Our previous TRICARE contract for the North Region included a target cost and underwriting fee for reimbursed
health care costs, which was negotiated annually during the term of the contract with underruns and overruns of our
target cost borne 80% by the government and 20% by us. In the normal course of contracting with the federal
government, we recognized changes in our estimate for the target cost underruns and overruns when the amounts
become determinable, supportable, and the collectability is reasonably assured. As a result of changes in the estimate
during the year ended December 31, 2011, we recognized a decrease in revenue of $42 million and a decrease in cost of
$52 million.
Other government contracts revenues are recognized in the month in which the eligible beneficiaries are entitled
to health care services or in the month in which the administrative services are performed or the period that coverage
for services is provided.
Amounts receivable under government contracts are comprised primarily of contractually defined billings,
accrued contract incentives under the terms of the contract and amounts related to change orders for services not
originally specified in the contract. Pursuant to our T-3 contract, the government has the right to unilaterally modify the
contract in certain respects by issuing change orders directing us to implement terms or services that were not originally
included in the contract. Following receipt of a change order, we have a contractual right to negotiate an equitable
adjustment to the contract terms to account for the impact of the change order. We start to perform under such change
orders and begin to incur associated costs after we receive the government's unilateral modification, but before we have
negotiated the final scope and/or value of the change order. In these situations, costs are expensed as incurred, and we
estimate and record revenue when we have met all applicable revenue recognition criteria. These criteria include the
requirements that change order amounts are determinable, that we have performed under the change orders, and that
collectability of amounts payable to us is reasonably assured.
In addition to the beneficiaries that we service under the T-3 contract, we provide behavioral health services to
military families under the DoD sponsored MFLC program. On August 15, 2012, we entered into a new MFLC contract
awarded by the DoD. The new contract has a five-year term that includes a 12-month base period and four 12-month
option periods. As a result of the government's decision to award the new MFLC contract to multiple contractors, we
expect that the revenues we receive from the new contract will be substantially reduced in comparison to the original
MFLC contract. Revenues from the MFLC contracts were $104.8 million, $221.3 million and $258.6 million for the
years ended December 31, 2013, 2012 and 2011, respectively.

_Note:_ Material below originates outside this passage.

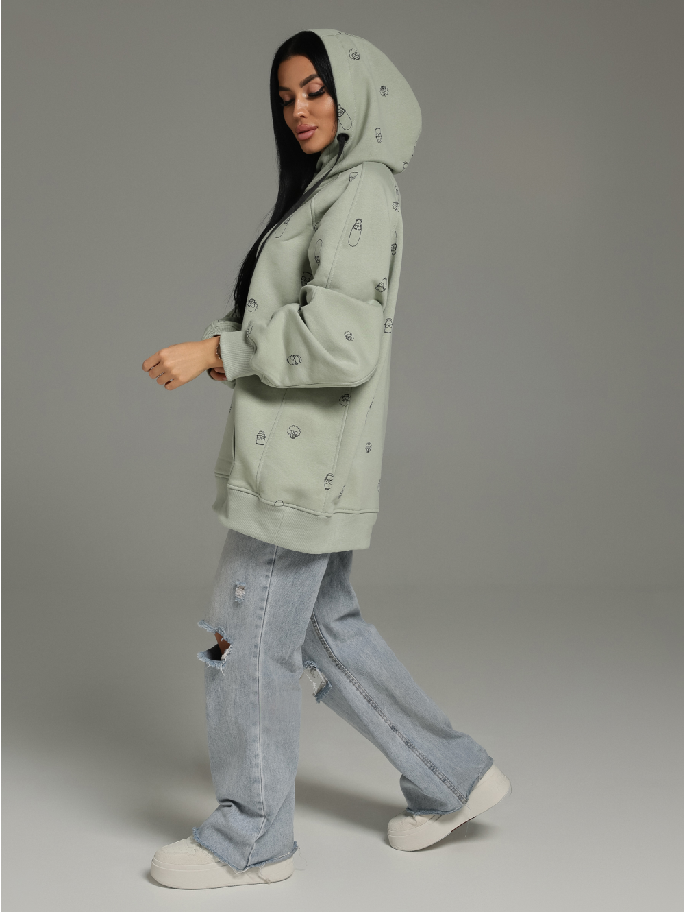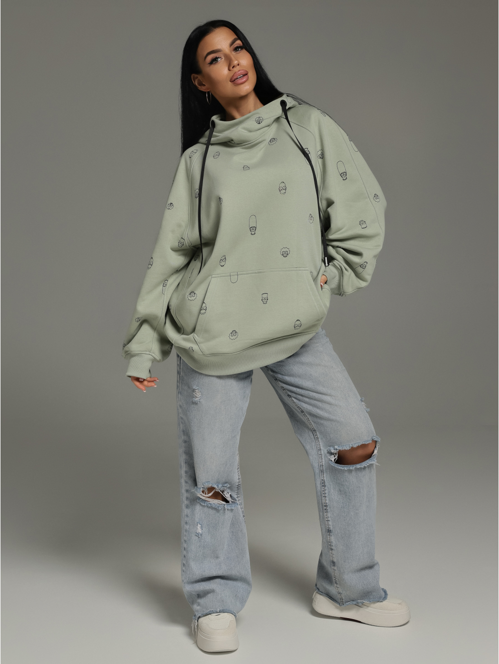 Худи – oversize кроя с притачным поясом по низу, с длинным рукавом реглан на манжете.

Divested Operations and Services
Divested operations and services revenues and expenses include items related to the run-out of our Northeast
business that was sold in the Northeast Sale on December 11, 2009. Prior to the first quarter of 2012, these line items
had been called Northeast administrative services fees and other revenues and expenses. Due to the sale of our
Medicare PDP business on April 1, 2012, starting with the first quarter of 2012, Divested operations and services
revenues and expenses also include transition-related revenues and expenses related to the sale of our Medicare PDP
business. We provided Medicare PDP transition-related services to CVS Caremark in connection with the transaction.
As of December 31, 2012, we had substantially completed the administration and run-out of our divested businesses.